Certainly, they are looking at the pulling down of the ACA marketplace commercials at the end of the most recent open enrollment period. This small move appears to have dampened enrollment, and likely enrollment of relatively healthy people. That episode provides clear evidence of what can happen when the administration is not invested in the success of marketplaces and might actually be hoping for failure.
Julia Belluz
At the same time, those rural counties are the places with zero or only one insurer left — and many of them happen to be places that voted for Trump. Do you think avoiding the political fallout in these areas could prevent the explosion he keeps promising?
Craig Garthwaite
It really depends on how blame gets allocated here. The president is clearly trying to shift blame for the implosion onto Democrats, but I just don’t know how successful that will be. In the end, the ACA requires the help of government to run — and that is similar to all other health care in the United States.
The employer market depends on the tax breaks it gets from government, hospitals depend on being tax-free nonprofits, and obviously Medicare and Medicaid depend on government funding.

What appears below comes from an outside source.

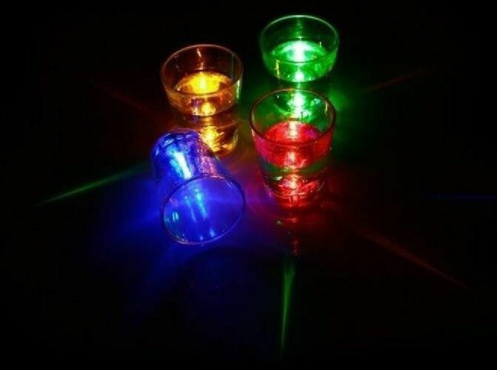 Tolle LED Schnapsgläser im 2er Set Sie erhalten pro Kauf 4 Schnapsgläser aus Kunststoff )2x2er Set Feiern sie ihre Feste bunt... Damit erregen Sie garantiert die Aufmerksamkeit Ihrer Gäste! Sobald Sie Flüssigkeit in das Glas füllen, fängt die im Glas integrierte LED mit ihrem Farbwechselspiel an. Hört die LED auf zu blinken, ist das Glas leer - Zeit, den Gästen nachzuschenken. Toller Party Gag für Jung und Alt! Lieferumfang/Produktdetails: - LED Schnapsglas, ca. 3,4/4,8x6cm, 24 gr. - Sie erhalten 2x2er Set (4 Schnapskrüge) - Inkl. 3 Knopfzellen (AG13), nicht austauschbar - Fassungsvermögen : 60 ml - Flüssigkeitsaktiviert - Material: Kunststoff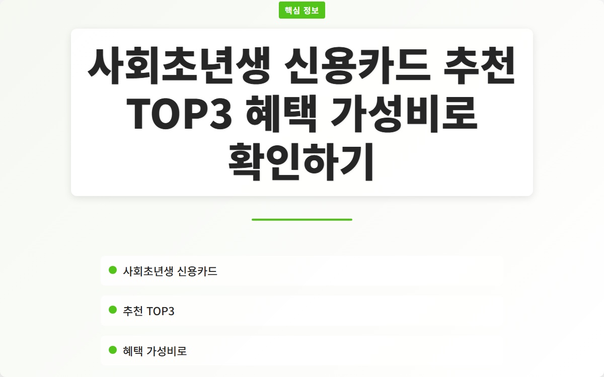 사회초년생 신용카드 추천 TOP3 혜택 가성비로 확인하기

If the government punts on its responsibilities, or, even worse, it works against the market succeeding, it’s hard to believe that the GOP will be held harmless — particularly after their dumpster fire of a replacement effort ended last week. That being said, the path from where we are today until that point is complicated, and the American people haven’t recently shown an ability to follow complex processes and appropriately assign blame.
Julia Belluz
If you were a patient right now on the Obamacare exchanges, what would you do?
Craig Garthwaite
At this moment, there is nothing really to do. However, at the margin, I would start thinking about what options you have for insurance other than the marketplaces.
This is particularly true if you have some chronic conditions that require medical care. For example, could you change your employment arrangement to have access to the employer insurance marketplace (or your spouse could).